SEATTLE SCENE: Cataldo

June 15. 2012 | By Christine Cook

Photo by Andrew Mark Snyder
The third album from Cataldo, Prison Boxing, is about a breakup.

“It happens to the best of us,” said Eric Anderson when speaking of the inspiration behind the album.

Anderson is the man behind the band. Cataldo derives from a mission near Anderson’s hometown in Northern Idaho. The mission is the oldest standing building in Idaho, and he noted that the chandeliers are made from tin cans.

Anderson started making music at the age of 18, and put out his first and second records while in college. His latest album came out in 2011.

Prison Boxing differs from the rest of Cataldo’s discography. “The biggest difference is that it’s a full band rock record,” Anderson said. “The others are me with accompaniment; there was rarely a rhythm section.”

When Anderson relocated to Seattle, everything went “kafuie.” This kafuie inspired the simultaneously heartfelt and heartbreaking sound of the album — and it has an obvious progression about it; beginning with “Deep Cuts” and ending with “Reach Out and Touch Someone’s Hand.”

The order of the tracks was purposeful, Anderson said.

“The first song takes place after the fallout and the last is the most hopeful,” he said. “I didn’t write the tracks exactly in order but it’s not far off.”

Despite a hard start in Seattle, Anderson said that he has found tons of band members here.

“There’s no shortage of really good musicians [in Seattle],” he said. “16 different people have played Cataldo in the past two years.”

He said that he likes to cherry pick people for the right things.

“The longer I’m alive, the more people I know, and it’s fun to have collaborations,” he said.

Anderson released the album on his own label, Red Pepper Records (the name comes from the simple fact that he really enjoys crushed red peppers).

Anderson and the band recently went on a tour with Blind Pilot, in which they traveled the country in a rented Dodge Grand Caravan, an upgrade from his first tour vehicle (a Toyota Camry).

Their best performance on the tour, he said, was in Lawrence, Kansas.

“Don’t Lose that Feeling,” a song that begins with Anderson singing solo, is a tightrope walk to put in a set. In Lawrence, the band put the song first.

“It caught people’s attention in a cool way,” Anderson said. “But how well it works is how much you believe you’re the shit.”

“In that moment you’ve got to act like, how dare they not pay attention to me,” he said.
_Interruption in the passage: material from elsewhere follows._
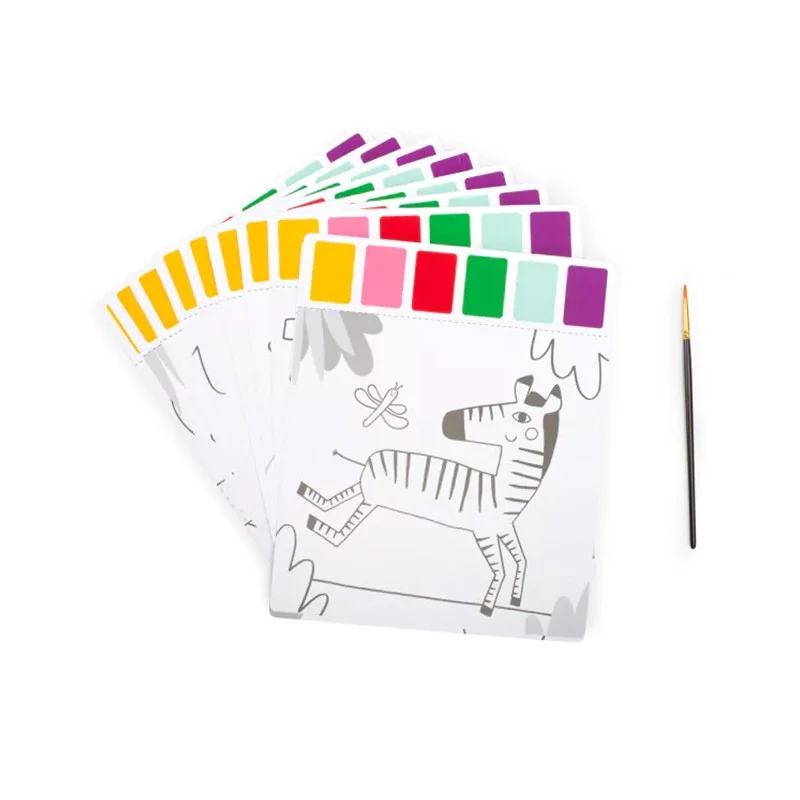Une pochette comprenant 10 illustrations de la collection Les Toupitis Ă peindre grâce au pinceau et Ă la palette de couleurs intĂ©grĂ©s.Â

Unsurprisingly, Anderson has a great beard and a hilariously entertaining Twitter account. And surprisingly, he listed The Dream, Taylor Swift, and Drake and some of the albums he has really been enjoying lately.

Lucky for all of us, Anderson will be working on Cataldo’s latest album this summer, but it will most definitely be different than the last.

“I’ve gotten the rock thing out of my system,” he said. But don’t worry about Anderson; his next album isn’t based on heartbreak.

“It’s not another breakup album,” he said “I want to take a break from writing about relationships.”